We will not succeed with a tepid plan for a partial victory.
There is no group in America as well situated, as well trained, or as strongly committed to parental liberty as homeschoolers. And we have allies. We need to raise the banner, create a plan for victory, and secure our place in history as the generation that placed the God-given right of parents into the category of expressly protected rights in the U.S. Constitution.
This may take a number of years. But we cannot wait until it is too late to start. Members of Congress will tell us that they are not ready to respond to protect parental rights until the threat is more advanced. We must not believe them. The issue of homosexual marriage is well advanced and they still do nothing.
Parental rights will be an urgent matter in Washington not when the UN Convention agents are at your door, but when sufficient Americans are at the doors of Congress, demanding protection now.
The time to fight is now. HSLDA is drafting a constitutional amendment and circulating it to friendly lawyers and organizations for review and comment. Once the text is done, we will find sponsors in the House and Senate.

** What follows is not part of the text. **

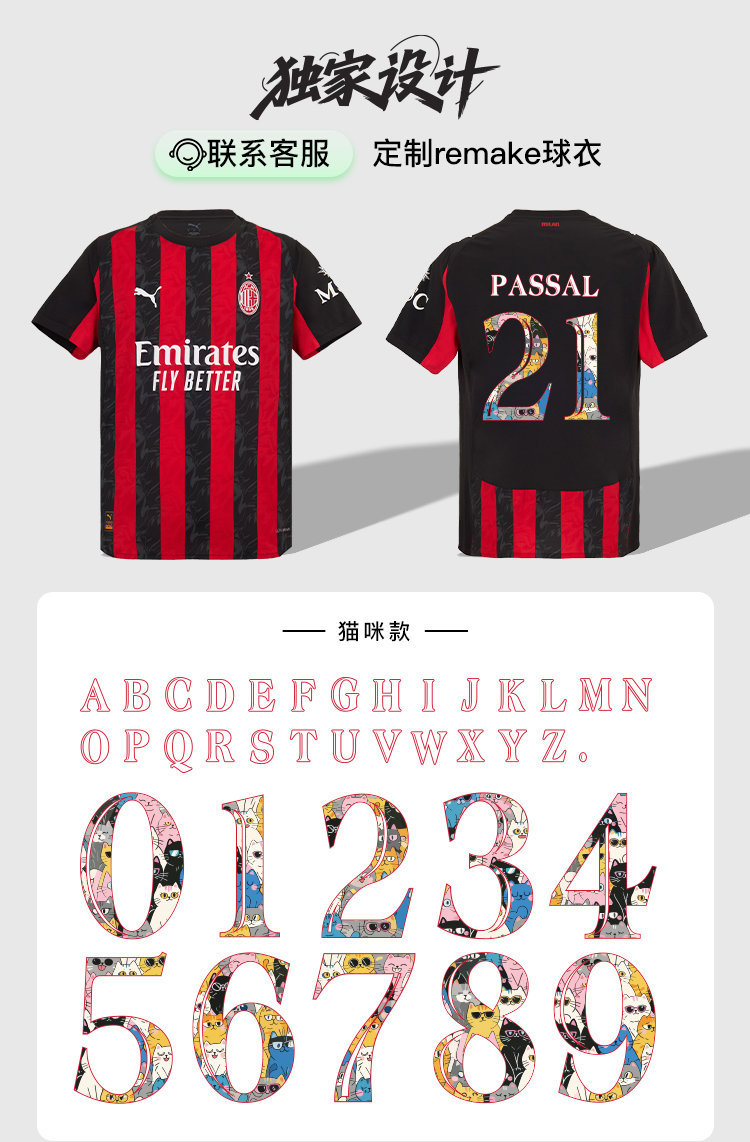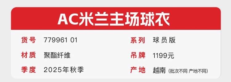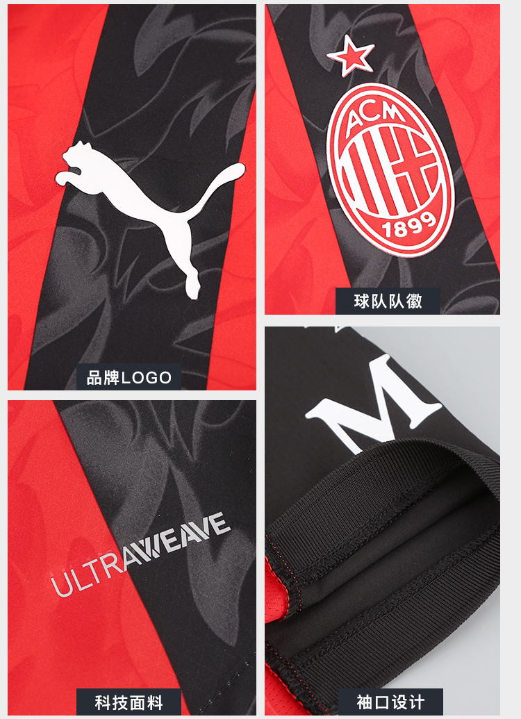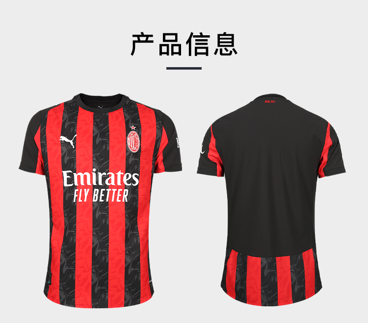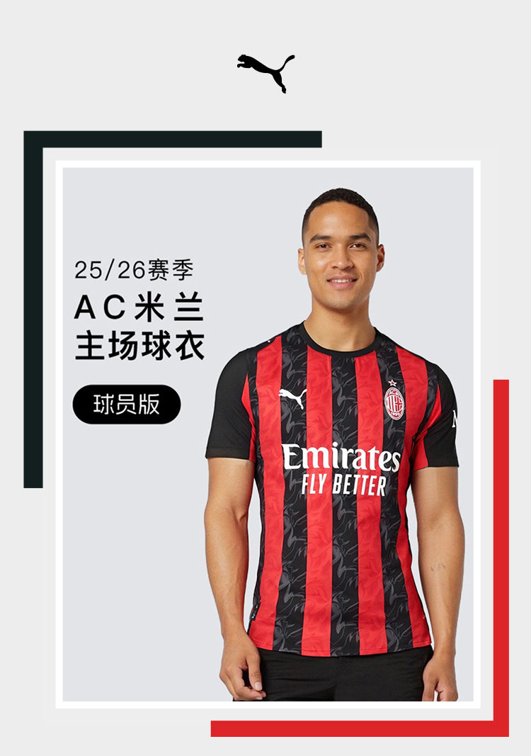 小李子PUMA彪马25-26赛季AC米兰主场球员版短袖比赛球衣779961 01

Achieving sponsorship, passage, and ratification will take an unbelievable effort from all of us and all of our allies. But we must not rest until the amendment becomes law.
Do not think this will be easy. This is the fight of our generation. We will be falsely accused of wanting to protect child abuse. We will be falsely accused of meddling unnecessarily with the sacred Constitution. But we cannot be daunted by such duplicity.
God has given us our children and our citizenship. We must use our citizenship now to make sure that our children will have the same rights as we do to raise the next generation in the nurture and admonition of the Lord.
Will you stand up now, or will you wait until it is too late?